R.M. Sapolsky łączy psychologię, neurologię, immunologię i endokrynologię tworząc zbiór informacji na temat psychofizjologii stresu. Wskazuje i opisuje związek stanu psychicznego i wynikający z tego efekt fizjologiczny. W niniejszym wpisie zamieszczę ciekawe fragmenty z 1 rozdziału książki.
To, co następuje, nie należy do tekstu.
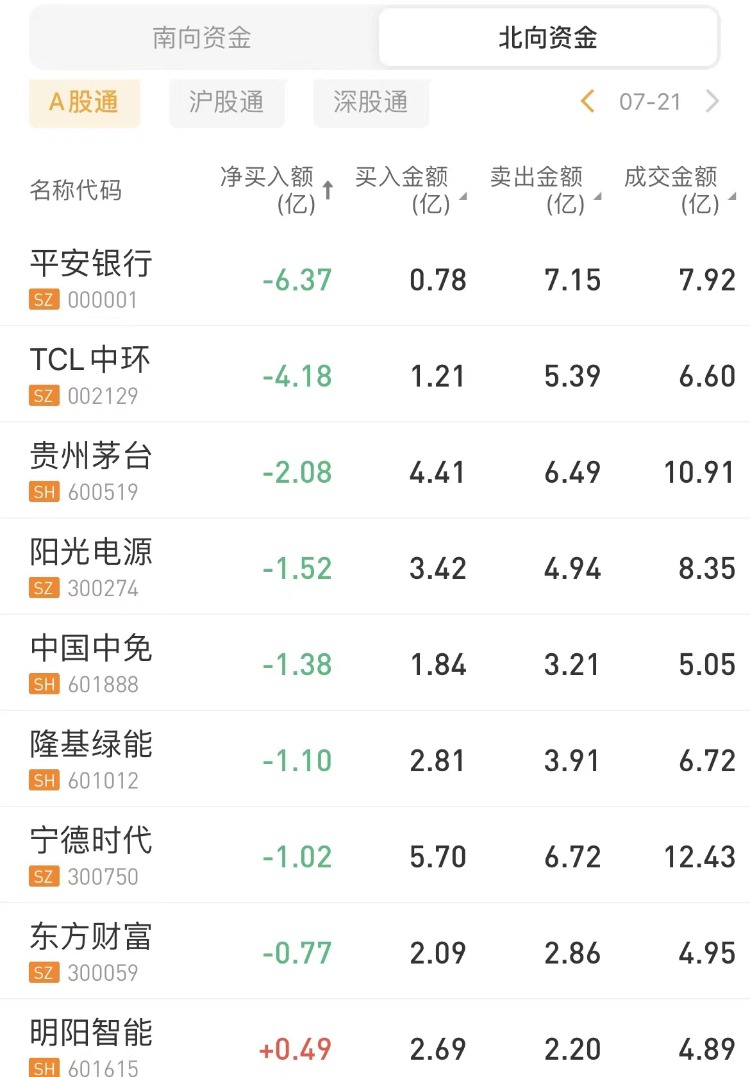 今日北上资金净卖出平安银行6.37亿元,TCL中环遭净卖出4.18亿元。

"(...) Patrząc z perspektywy ewolucji, przedłużający się stres psychologiczny jest w królestwie zwierząt wynalazkiem nowym, w dużym stopniu ograniczonym do ludzi i innych naczelnych, żyjących w społecznościach. Umiemy doświadczać niesamowicie silnych emocji(...) wywołanych jedynie myślą.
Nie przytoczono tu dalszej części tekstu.